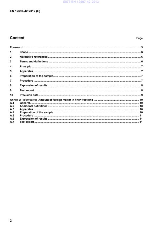 Amount of foreign matter in finer fractions . 10A.1 General . 10A.2 Additional definitions . 10A.3 Apparatus . 10A.4 Preparation of the sample . 10A.5 Procedure . 11A.6 Expression of results . 11A.7 Test report . 11 SIST EN 12697-42:2013
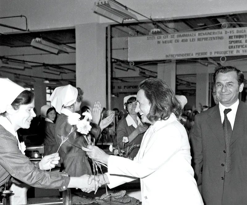 Ion Iliescu și Elena Ceaușescu, la o vizită de lucru a lui Nicolae Ceaușescu la Fabrica de Confecții din Iași, 31 iulie 1976 - Foto: Agerpres
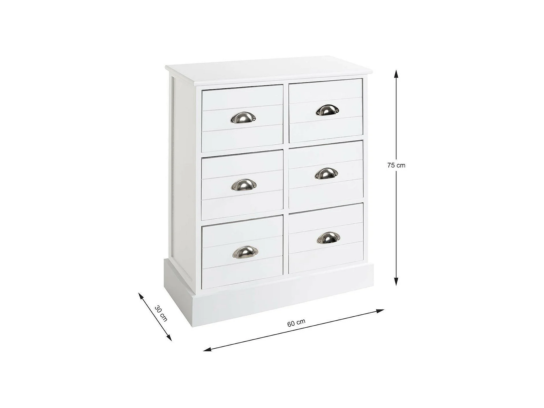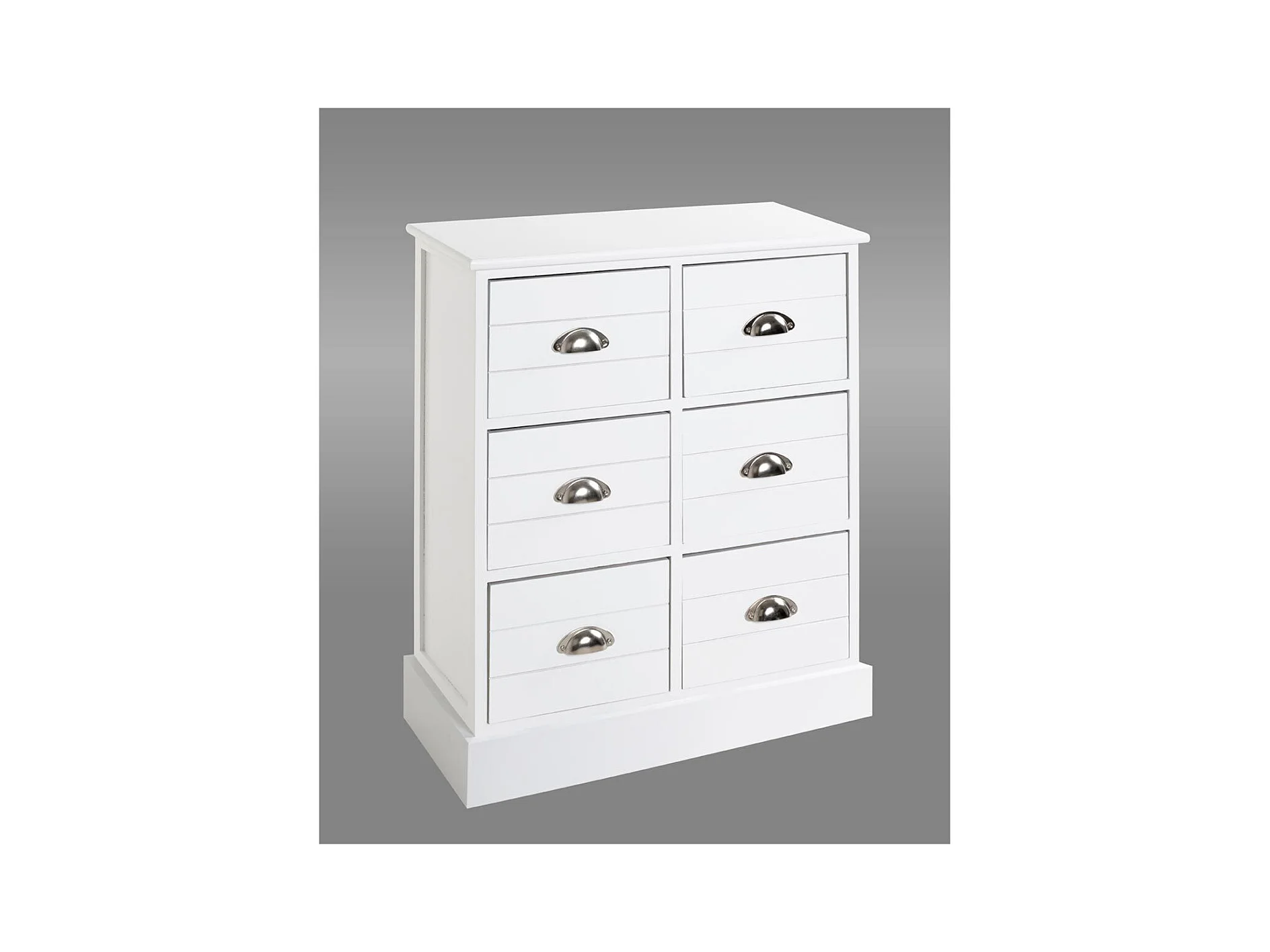 Commode 6 Tiroirs "Lavido" 75cm Blanc Laqué

## Task to complete
The whole listing above must be returned exactly as written, with no pictures carried over.

## Solution for this task
 Amount of foreign matter in finer fractions . 10A.1 General . 10A.2 Additional definitions . 10A.3 Apparatus . 10A.4 Preparation of the sample . 10A.5 Procedure . 11A.6 Expression of results . 11A.7 Test report . 11 SIST EN 12697-42:2013
 Ion Iliescu și Elena Ceaușescu, la o vizită de lucru a lui Nicolae Ceaușescu la Fabrica de Confecții din Iași, 31 iulie 1976 - Foto: Agerpres
 Commode 6 Tiroirs "Lavido" 75cm Blanc Laqué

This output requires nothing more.